(Hicret’in 8. senesi Zilhicce ayı)
Bu tarihte Peygamber Efendimizin oğlu İbrahim dünyaya geldi. Hz. Mâriye’den olan Hz. İbrahim, Peygamber Efendimizin en son evladı idi.[1]
Medine’nin yukarı tarafında, Avâli diye anılan kısımda annesine tahsis edilen bir hurma bahçesindeki evinde hayata gözlerini açan Hz. İbrahim’in doğum müjdesini, Peygamberimize, oğluna ebelik vazifesini yapan Selmâ Hâtun’un kocası Ebû Râfi getirdi. Bu mesut hadisenin müjdesinden fazlasıyla memnun olan Peygamberimiz, Ebû Râfi’e de bu ismi şöyle açıkladı:
“Ona, ceddim İbrahim’in ismini koydum!”[2]

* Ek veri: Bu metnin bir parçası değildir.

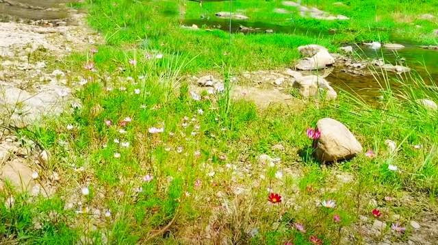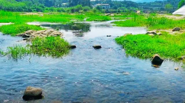 走进小河里,探着脚丫,首先会觉得河水有一点凉。这种感觉与自来水的凉不同,自来水多少带着温热,但河水是真正的清凉,是从内到外的刺激。顺着浅滩处向河中间走,清凉感会逐步加深,比如河滩边上的水可能也有温热的地方,一步走一脚,像是打开了热水瓶,清凉的水域更广。而走到河中间,这边水深会大一点,能够淹到小腿往上膝盖以下,大概十几公分。相对来说,这样的水深有限,淌水的话更好,游泳的话,只适合轻巧躺着。
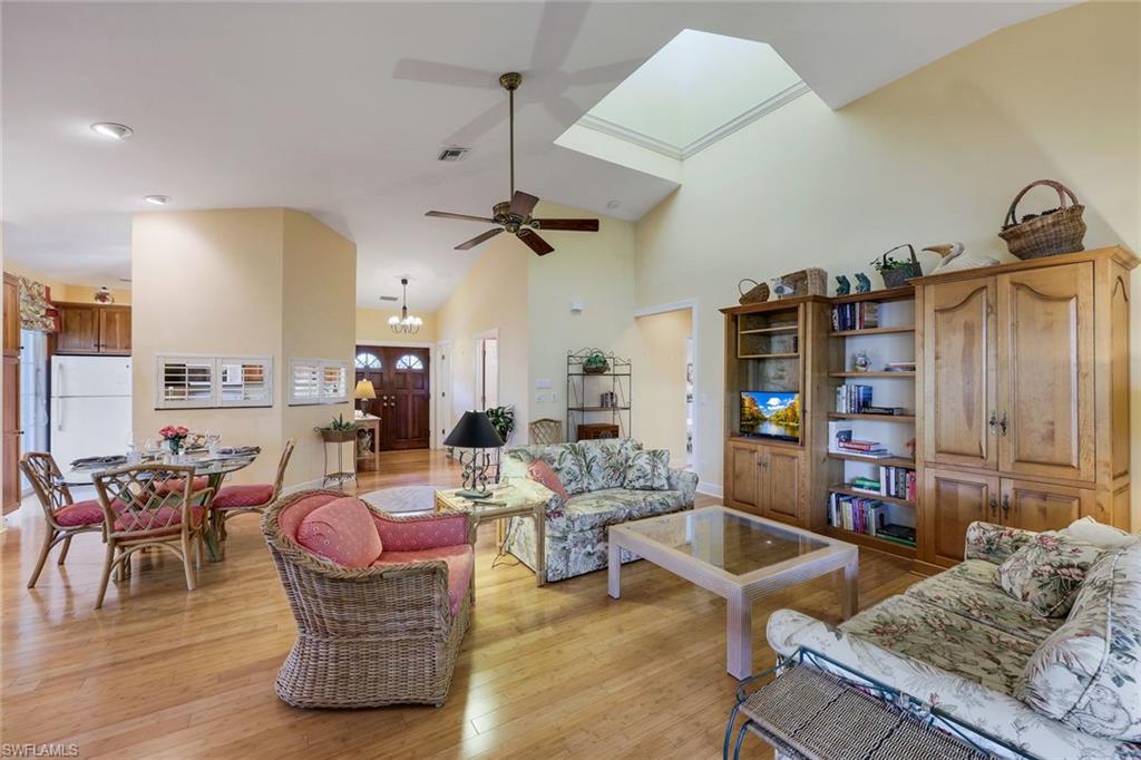 Tucked away in the lush paradise of Cracker Cove within the prestigious Bonita Bay community, 3812 Survey Circle invites you to experience the perfect blend of comfort, convenience, and natural beauty. This charming 2-bedroom, 2-bathroom home with an oversized garage, large enough for 4 cars, includes ample finished storage on the ground level, is designed for effortless living, featuring an elevator for easy access to a single-level floor plan. A skylight bathes the living space in warm, natural light, creating a bright and inviting atmosphere. Step onto the screened lanai and immerse yourself in the serene surroundings, where electric hurricane shutters offer peace of mind. Cracker Cove is a true hidden gem—an intimate enclave embraced by nature, yet just moments from the Gulf of Mexico via a private beach park with shuttle service. With quick access to the airport, shopping, and dining, this community provides the ideal balance of tranquility and convenience. Life in Cracker Cove is as welcoming as it is picturesque. A central gathering area with a sparkling swimming pool and a charming community building brings neighbors together for informal monthly gatherings, fostering a friendly and connected atmosphere. For those seeking an elevated lifestyle, optional membership at the exclusive Bonita Bay Club opens the door to world-class amenities, including 90 holes of championship golf, top-tier tennis courts, cutting-edge fitness facilities, and a private full-service marina. Whether you are in search of a peaceful escape or an active community, 3812 Survey Circle offers the best of both worlds in a truly idyllic tropical setting. Welcome home!
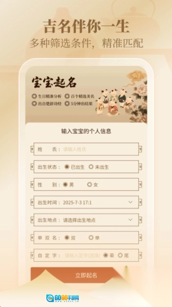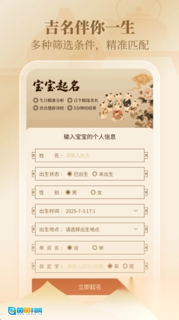 个性化定制服务:可依据用户提供的姓氏、性别、出生日期、五行偏好等信息,打造专属的名字建议,还能按需求指定辈字、从诗词中取意命名等。

Hz. İbrahim’in Sütanneye Verilmesi
Emzikli ensar kadınları, Hz. Resûlullah’ın evladını emzirme bahtiyarlığına ermek için adeta birbirleriyle yarış eder gibiydiler. Sonunda, Resûl-i Ekrem Efendimiz, nurtopu evladını Ümmü Bürde Havle bint-i Münzir’e emzirmek üzere teslim etti.[3]Bu vazifeyi üzerine almasından dolayı da Ümmü Bürde Havle’ye bir hurmalık tahsis etti. Hz. İbrahim, vefatına kadar, süt annesi Ümmü Bürde Havle’nin yanında kaldı.
Peygamber Efendimiz, mübarek evladı Hz. İbrahim’i sık sık ziyarete gider, şefkat ve merhametini izhar ederek, başını okşar, bağrına basardı.
Peygamber Efendimizin hizmetkârı Enes b. Mâlik (r.a.), ilgili bir hatırasını şöyle anlatır:
“Ben, ev halkına Resûl-i Ekrem’den (a.s.m.) daha şefkatli, daha merhametli davranan kimse hayatımda görmedim!
“İbrahim, Medine’nin Avâli kısmında süt annesinin yanında bulunurken, Peygamberimiz onu görmeye gider, biz de beraberinde bulunurduk.
“İbrahim’in süt babası (Ebû Seyf Bera b. Evs) demirci idi. Evinin her tarafı dumanlanmışken, Resûlullah içeri girer, oğlunu alır, öper, sonra dönerdi.
“Yine bir gün Resûlullah onu görmek için yola çıkmıştı. Ben de kendisini takip ediyordum. Evine vardığımızda, Ebû Seyf körüğüne asılıp duruyordu. Evin içi dumana bürünmüştü. Hemen önden koştum; ona ‘Körüğünü durdur! Resûlullah (a.s.m.) geldi’ dedim. O da körüğünü durdurdu.
“Resûlullah, çocuğunu getirtti, bağrına bastı. Ona bazı sözler söyledi, onunla konuştu.”[4]
[1]İbn Sa’d, Tabakat, c. 1, s. 135; Taberî, c. 3, s. 139.
[3]Müslim, a.g.e., c. 4, s. 1808.
[4]Ahmed İbn Hanbel, Müsned, c. 4, s. 194; Müslim, a.g.e., c. 4, s. 1807.